> **Source material**

%%

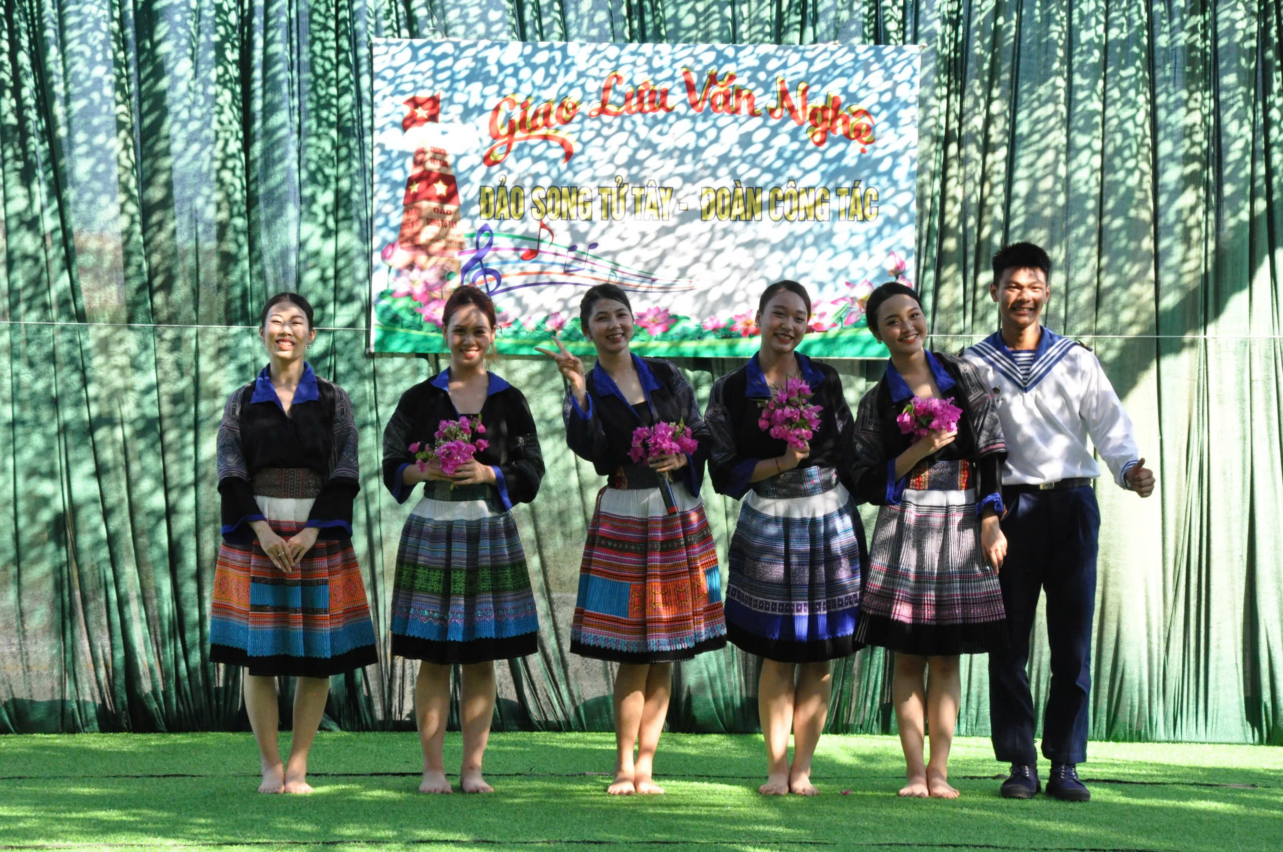 Đoàn giao lưu văn nghệ cùng các em học sinh trên đảo Trường Sa lớn |
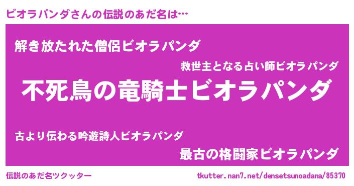 | ヒーロー風カッコイイあだ名 | 『スーパービオラパンダ』『幻影騎士ビオ』 |
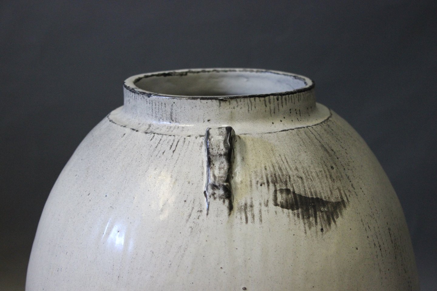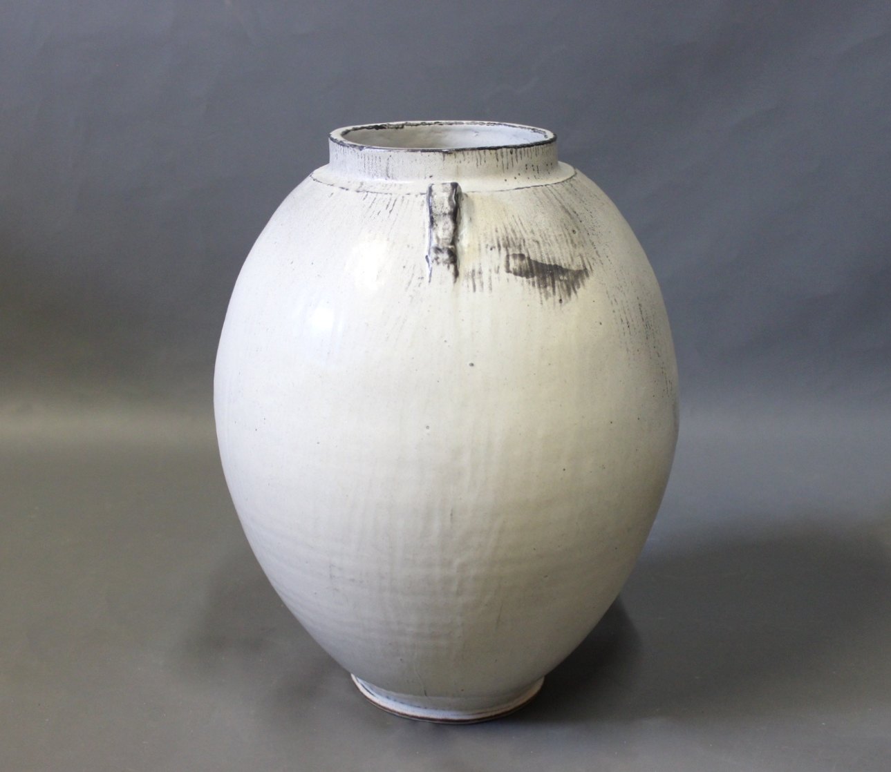 SolgtStor keramik gulvvase i grå lustre glasur udført af Svend Hammershøj for Kähler fra 1930erne.

%%

Apart from the pictures, restate all of the listing above exactly.

 Đoàn giao lưu văn nghệ cùng các em học sinh trên đảo Trường Sa lớn |
 | ヒーロー風カッコイイあだ名 | 『スーパービオラパンダ』『幻影騎士ビオ』 |
 SolgtStor keramik gulvvase i grå lustre glasur udført af Svend Hammershøj for Kähler fra 1930erne.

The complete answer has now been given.